Samara Joy is a throwback jazz singer with a TikTok sensibility

Only 22, she is debuting at the Newport Jazz Festival

On Saturday, 22-year-old Samara Joy McLendon will make her debut at the Newport Jazz Festival in Newport, Rhode Island, just two months after the singer made her first appearance at Harlem’s Apollo Theater.

While the Apollo traditionally has been a proving ground for up-and-coming talent, Newport is a place for established veterans. This puts McLendon in the challenging position of having to prove herself in the midst of luminaries who already have made it.

“I’m excited and nervous about Newport,” she said Saturday from France, where she was completing a three-week tour with an appearance at the Marciac Jazz Festival. “It has such a cemented place in the history of this music, basically all of the greats, as far as musicians and singers, have graced that stage and, therefore, made it sacred ground.”

Her appearance at Newport culminates a meteoric rise that began in 2019 when she won the prestigious Sarah Vaughan International Jazz Vocal Competition. First prize was an appearance at Newport, though McClendon’s appearance was postponed because of the coronavirus pandemic. At the time of the contest, Samara was still a student at the State University of New York at Purchase. While there were more experienced contestants, the judges agreed that McLendon was mature beyond her years, though her age was definitely a point of discussion.

“There was a hesitance to give it to her because she’s so young and the idea that she was only 19 and she was still in college, and whether that would be a distraction from her studies and her growth,” recalled Matt Pierson, one of the judges and now McLendon’s manager.

Christian McBride, the master bassist and bandleader who was also a judge, said, “I actually don’t remember there being a conversation about her not getting it because she was too young. There was definitely a conversation that we can’t believe how young she is. We thought she was exceptional that day.
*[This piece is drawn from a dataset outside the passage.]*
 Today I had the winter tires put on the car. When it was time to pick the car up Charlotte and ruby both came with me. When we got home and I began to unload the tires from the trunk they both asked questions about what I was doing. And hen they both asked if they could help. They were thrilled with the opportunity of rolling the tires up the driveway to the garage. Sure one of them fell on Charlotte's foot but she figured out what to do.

And generally, when we have those competitions, most of us tend to defer to the legend.”

In this case, the legend was vocalist Dee Dee Bridgewater, a three-time Grammy winner, who has a Tony Award for her role as Glinda the Good Witch in The Wiz and hosted an NPR jazz show for more than two decades. “We said, ‘Hey, Dee Dee, it’s your call,’ ” McBride recalled. “ ‘Whoever you like, that’s who we’re going with.’ And we all liked Samara and she felt the same way.”
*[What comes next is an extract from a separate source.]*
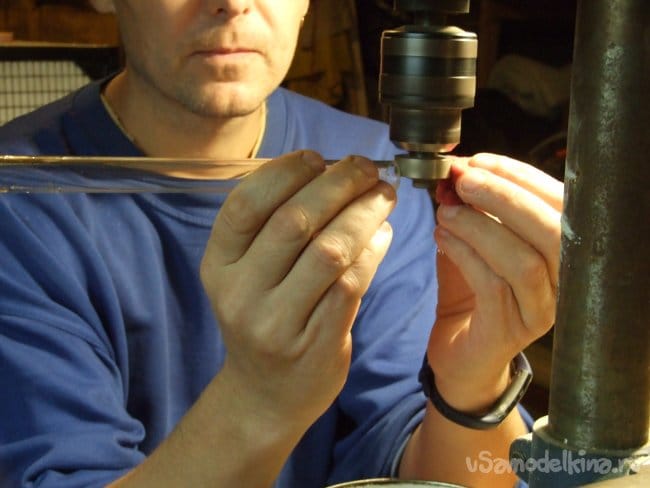 Заготовки – по случаю мне досталось, увы небольшое, количество стеклянных трубок – именно остатков разорившегося неонового производства. Среди нескольких прочих, есть и немного трубок Ø 18 мм, хорошо подходящих для пробирок. Трубку-заготовку стандартной длины разметил спиртовым маркером и разрезал на равные куски. Такой диаметр всё ещё можно резать стеклодувным ножом, на манер вскрытия ампул – круговым движением нанести царапину, растягивая, разрывая трубку в стороны, сломать ее. Тем не менее, усилия требуются значительные, разломы не всегда удаются удовлетворительного качества – часто неровны. Случившиеся неровные края выравнивал на алмазном инструменте смачивая его водой (Фото 2).

The last year and a half has validated the judge’s decision. McLendon, who performs as Samara Joy, has been on fire. Her first self-titled album of standards such as “Stardust” and “It Only Happens Once” came out in July 2021 to strong reviews. The Guardian called it “beautifully poised” and Downbeat said “listeners are compelled to focus on the purity of her tone and the purity of the music.”

Singling McLendon out for praise is no slight to her peers. The pool of talented young Black women singers, from Cécile McLorin Salvant to Jazzmeia Horn to H.E.R., is deep and wide. McLendon said she does not see herself as part of some competition. For example, she regards Horn, 31, as a big sister and admires the way she conducts her business.
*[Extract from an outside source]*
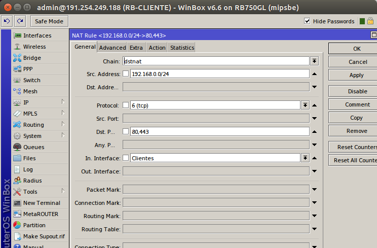 Não tenho nenhuma regra de firewall no Linux e na RB.

Still, at 22, McLendon is a bit of a unicorn. It’s difficult to compare her to anyone who recently has come along because no one like her has come along. Dee Daniels, a veteran of more than 30 years of performing, caught McLendon in concert in Vancouver, British Columbia, last month. But she initially was exposed to McLendon online.

“When I saw her online I said, ‘Holy crap! How is this baby girl being this mature?’ ” Daniels said during a recent phone interview. “She’s been listening, she clearly has had some good mentors and guidance and of course the natural talent. She’s exceptional. I’d say of all the young ones in her age group out there now, she’s the most extraordinary.”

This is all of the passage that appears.